Your assignment:
Output exactly, in the material below, the lines from the one with "Fiamme in un" through the one with "こちらの製品は電装作業のケー". Omit all pictures.

Material for this exercise:
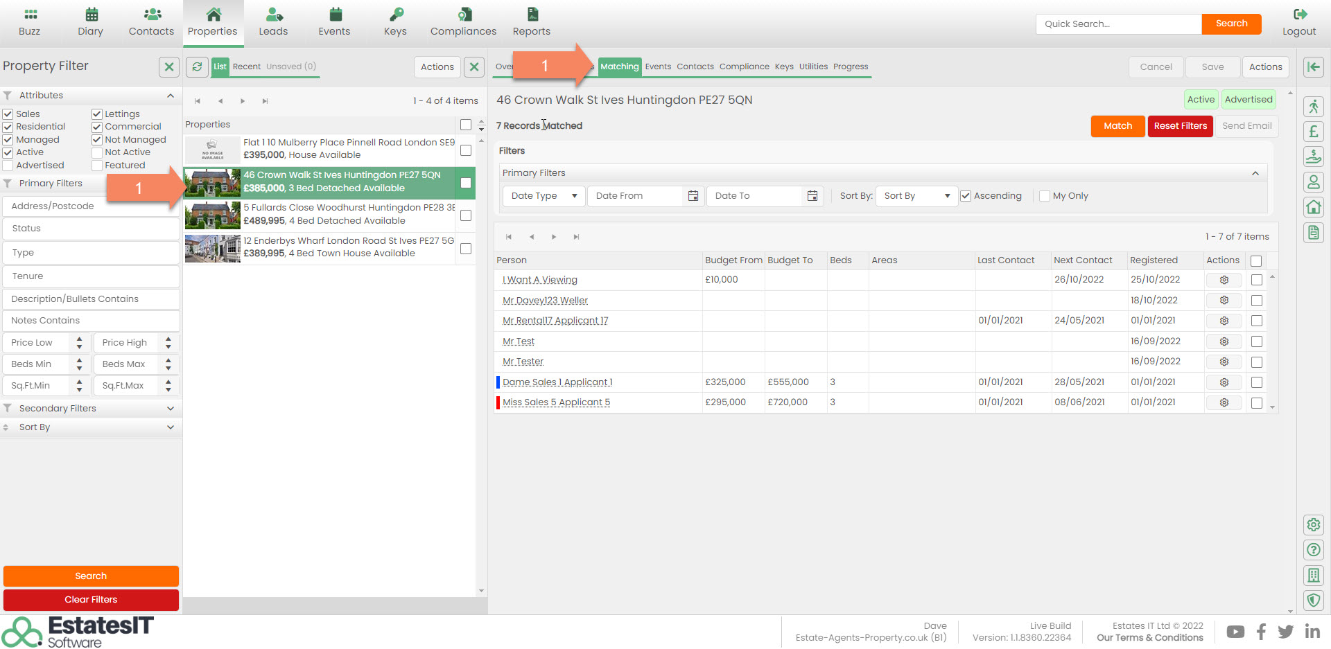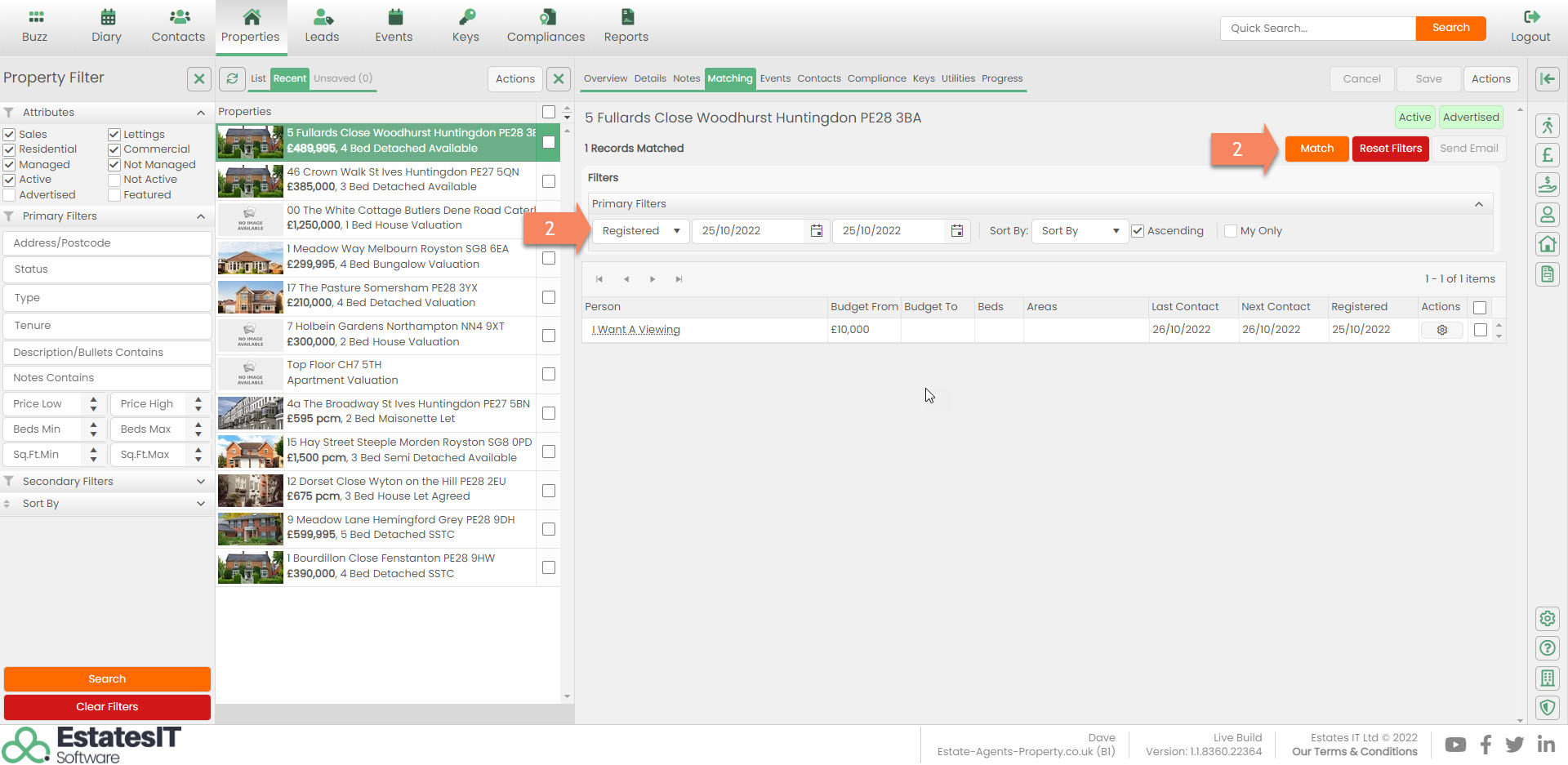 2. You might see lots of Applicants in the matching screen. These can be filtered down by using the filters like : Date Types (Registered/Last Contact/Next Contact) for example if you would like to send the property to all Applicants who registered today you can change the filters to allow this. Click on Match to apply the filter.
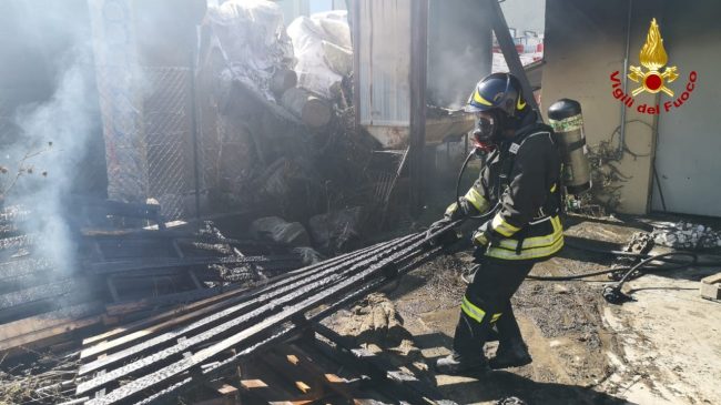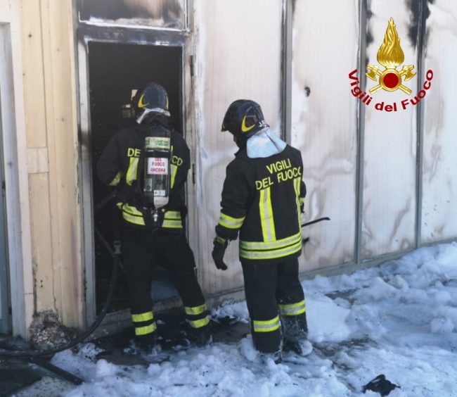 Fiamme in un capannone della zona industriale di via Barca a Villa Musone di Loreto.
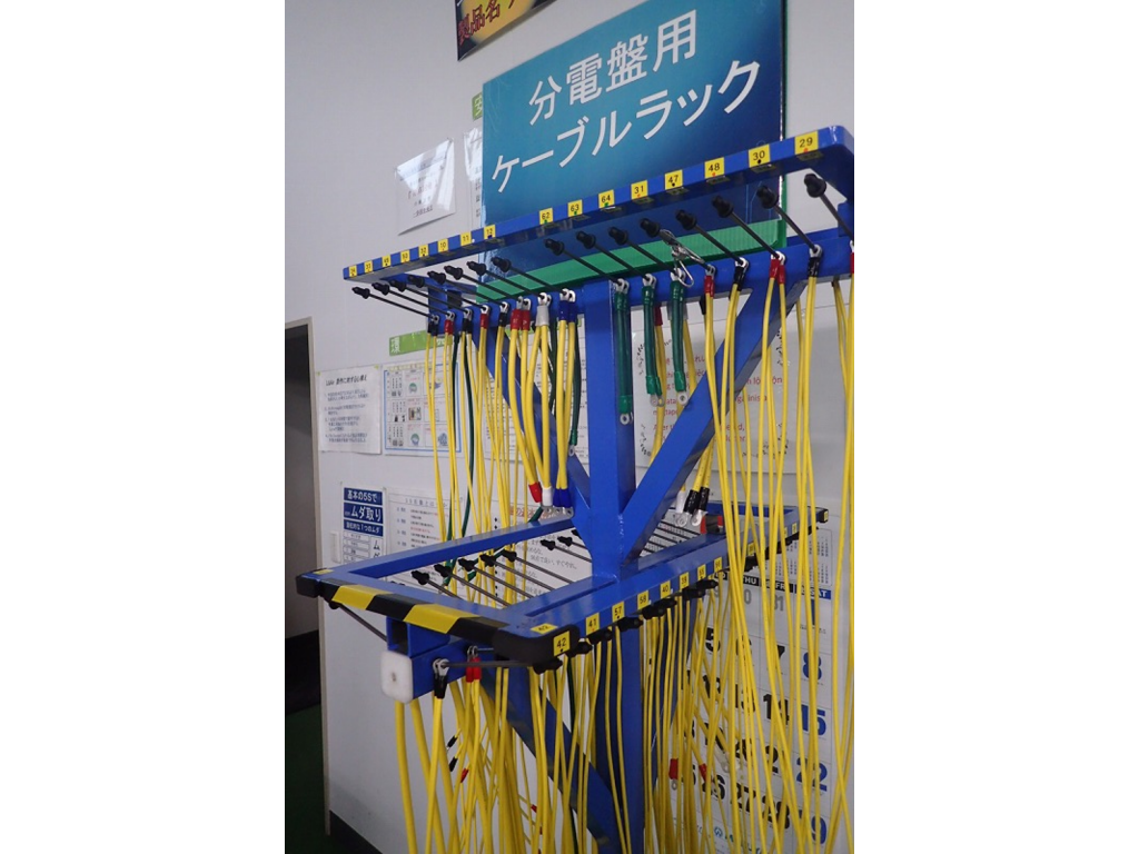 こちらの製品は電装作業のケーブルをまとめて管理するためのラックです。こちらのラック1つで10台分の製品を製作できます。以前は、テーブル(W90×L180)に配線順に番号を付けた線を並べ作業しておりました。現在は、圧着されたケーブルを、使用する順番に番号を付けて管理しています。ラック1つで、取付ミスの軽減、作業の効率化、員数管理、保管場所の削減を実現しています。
==
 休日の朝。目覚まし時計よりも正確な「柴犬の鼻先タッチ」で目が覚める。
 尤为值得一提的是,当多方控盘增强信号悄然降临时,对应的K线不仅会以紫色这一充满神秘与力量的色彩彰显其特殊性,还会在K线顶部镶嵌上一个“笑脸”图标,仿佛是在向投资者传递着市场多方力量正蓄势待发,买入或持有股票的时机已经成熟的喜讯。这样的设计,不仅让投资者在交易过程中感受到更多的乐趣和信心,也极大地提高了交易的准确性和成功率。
...
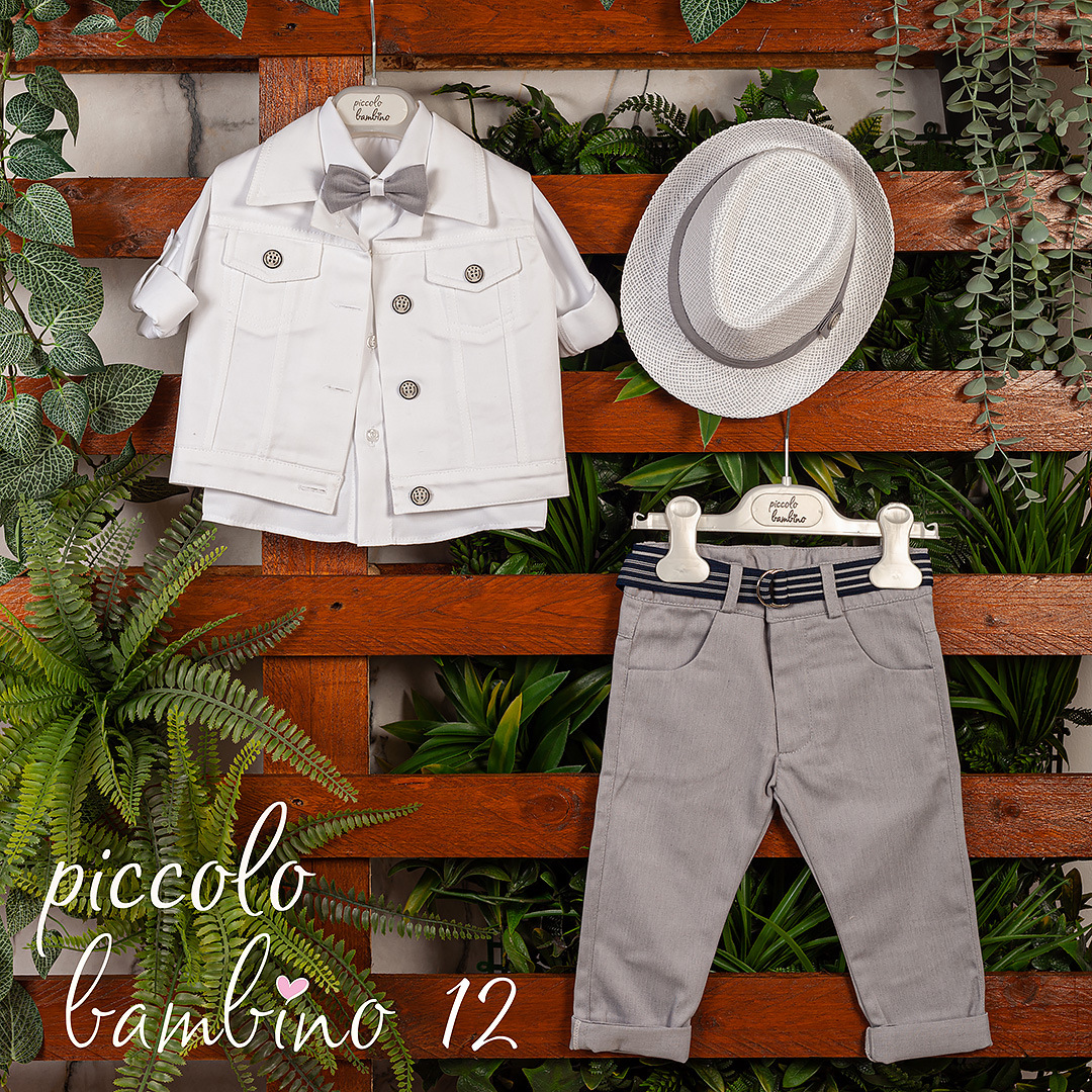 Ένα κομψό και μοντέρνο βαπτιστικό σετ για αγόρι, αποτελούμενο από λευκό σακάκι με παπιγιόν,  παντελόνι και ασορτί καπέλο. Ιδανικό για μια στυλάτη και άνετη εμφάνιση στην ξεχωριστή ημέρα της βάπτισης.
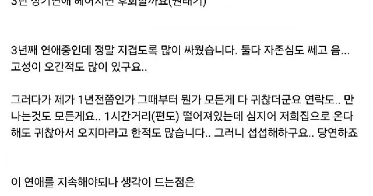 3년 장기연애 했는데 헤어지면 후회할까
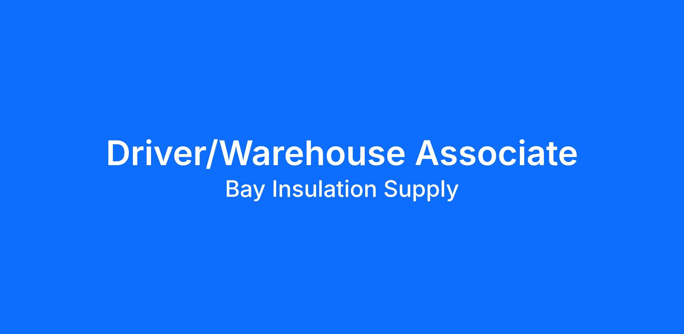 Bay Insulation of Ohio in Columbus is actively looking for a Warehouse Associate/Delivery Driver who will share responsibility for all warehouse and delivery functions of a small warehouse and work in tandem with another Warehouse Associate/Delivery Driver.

Exercise response:
 Fiamme in un capannone della zona industriale di via Barca a Villa Musone di Loreto.
 こちらの製品は電装作業のケーブルをまとめて管理するためのラックです。こちらのラック1つで10台分の製品を製作できます。以前は、テーブル(W90×L180)に配線順に番号を付けた線を並べ作業しておりました。現在は、圧着されたケーブルを、使用する順番に番号を付けて管理しています。ラック1つで、取付ミスの軽減、作業の効率化、員数管理、保管場所の削減を実現しています。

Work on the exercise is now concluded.